# Prove series converges

1. Jun 22, 2009

### JG89

1. The problem statement, all variables and given/known data

If a_1 + a_2 + ... is an infinite series converging to A, and b1, b2, ... is an infinite sequence that is bounded and monotonic, prove that (a_1)(b_1) + (a_2)(b_2) + ... converges

2. Relevant equations

3. The attempt at a solution

I don't really know where to start...all I can say is that if a_1 + a_2 + ... converges, then a_n approaches 0 as n goes to infinity, and so (a_n)(b_n) also has a limit of 0, since b_n converges to some finite value.

2. Jun 22, 2009

### Office_Shredder

Staff Emeritus
You know that bn is bounded and monotonic. Have you tried using that? Given a general number b, you know
$$\sum a_n b$$
converges right? Now try to compare that to the sequence

$$\sum a_n b_n$$ choosing b such that |bn| < b for all n

3. Jun 22, 2009

### tiny-tim

Hi JG89!
Yes … concentrate on that value (call it b) …

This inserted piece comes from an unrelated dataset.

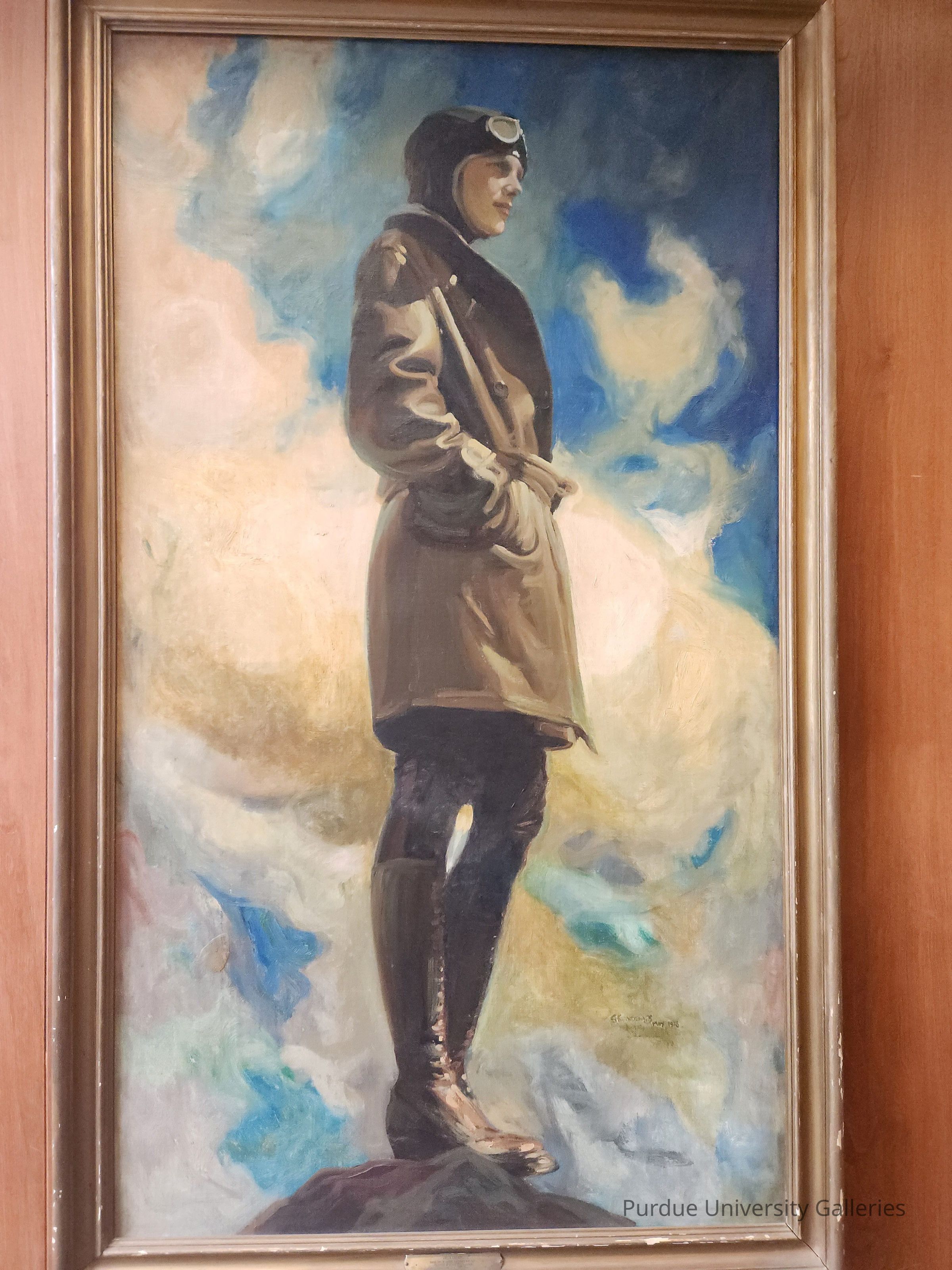 This painting was donated to Purdue University in 1939 by George Palmer Putnam (1887-1950), Earhart’s widower. The artist is Brynjulf Strandenaes (1890-1952), sometimes Anglicized as Bryn Strandenaes. Strandenaes was a Norwegian-American portrait painter who lived and worked in New York City. Here is a Purdue archives link to a 1928 photograph of him in the process of painting our Earhart portrait (https://earchives.lib.purdue.edu/digital/collection/earhart/id/754).

then use deltas and epsilons.

4. Jun 23, 2009

### JG89

I have an intuitive idea of what's going on, but I'm having a hard time fleshing it out into an epsilon argument.

First off, since a_1 + a_2 + ... converges then b(a_1 + a_2 + ...) converges. I know that for large enough n, |(a_n)(b_n)| gets 'really' close to |(a_n)b|, since b is the limit of b_n. Since the b_n are monotonic, then as n increases the |(a_n)(b_n)| gets even closer to |(a_n)b|. I can in fact make this difference as small as I please, provided n is taken large enough and so it seems that after a certain n, the difference between (a_n)(b_n) and (a_n)b will become "negligible" and since (a_n)b is Cauchy, then (a_n)(b_n) is also Cauchy.

Last edited: Jun 23, 2009